_WORK REQUEST_
Images are to be left out when the records below are printed word for word.

* * *

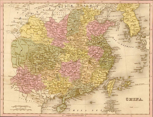 China 1844 White Modern Wood Framed Art Print with Double Matting by Vintage Maps
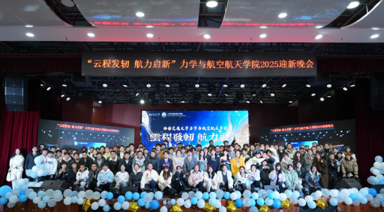 青春是校园生活的绚丽舞台,是梦想起航的重要序章。为欢迎2025级新生、迎接2026年新年、展现学院文化魅力、凝聚青春奋进力量,西南交通大学力学与航空航天学院于2025年12月14日晚在一食堂三楼礼堂隆重举办“云程发轫,航力启新”迎新晚会。参加本次晚会的有学院院长李翔宇,学院副院长李鹏,学院党委副书记孔祥彬、学院本科2025级班导师李航、杨名山、张晓明、郭阳、学院学工组全体老师、兄弟学院学生会指导老师、兄弟学院学生会代表和学院200余名同学们。
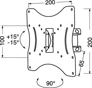 Supporto da muro per TV LED/LCD/Plasma, con uno snodo ruotabile in orizzontale di 20° e inclinabile in verticale di ±15°. Di facile montaggio per TV standard VESA 50-75-100-200. • Per TV LCD da 15"a 30"• Distanza dal muro: 6,5cm • Peso massimo sopportabile: 25kg • Peso del supporto: 1,1 kg
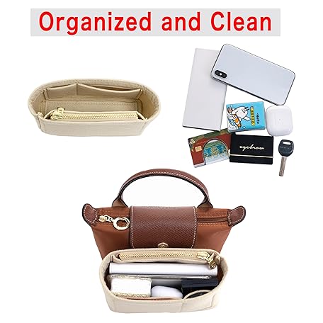 ATSEKTZ ATSEKTZ Mini Bag Organizer For Longchamp Small Tote Bag - Ultimate Mini Bag Storage & Finishing Inner Bag Liner for a Chic Handbags Insert Organizer Fit small Size
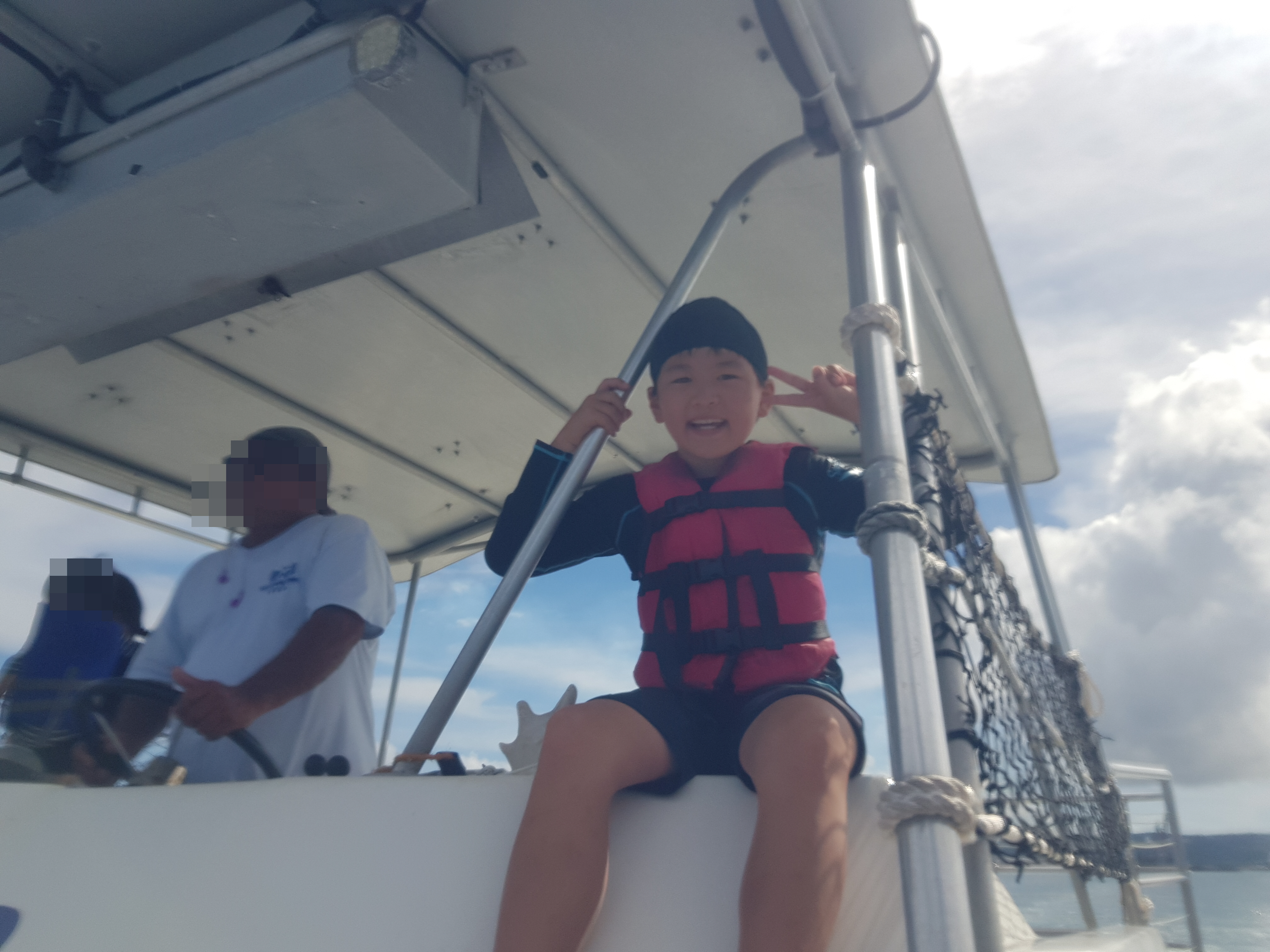 아이들은 반드시 구명조끼를 입고 있어야 하고, 배에서는 안쪽에 마련된 선을 항상 잡고 있어야 한다.

* * *

_FINAL ANSWER_
 China 1844 White Modern Wood Framed Art Print with Double Matting by Vintage Maps
 青春是校园生活的绚丽舞台,是梦想起航的重要序章。为欢迎2025级新生、迎接2026年新年、展现学院文化魅力、凝聚青春奋进力量,西南交通大学力学与航空航天学院于2025年12月14日晚在一食堂三楼礼堂隆重举办“云程发轫,航力启新”迎新晚会。参加本次晚会的有学院院长李翔宇,学院副院长李鹏,学院党委副书记孔祥彬、学院本科2025级班导师李航、杨名山、张晓明、郭阳、学院学工组全体老师、兄弟学院学生会指导老师、兄弟学院学生会代表和学院200余名同学们。
 Supporto da muro per TV LED/LCD/Plasma, con uno snodo ruotabile in orizzontale di 20° e inclinabile in verticale di ±15°. Di facile montaggio per TV standard VESA 50-75-100-200. • Per TV LCD da 15"a 30"• Distanza dal muro: 6,5cm • Peso massimo sopportabile: 25kg • Peso del supporto: 1,1 kg
 ATSEKTZ ATSEKTZ Mini Bag Organizer For Longchamp Small Tote Bag - Ultimate Mini Bag Storage & Finishing Inner Bag Liner for a Chic Handbags Insert Organizer Fit small Size
 아이들은 반드시 구명조끼를 입고 있어야 하고, 배에서는 안쪽에 마련된 선을 항상 잡고 있어야 한다.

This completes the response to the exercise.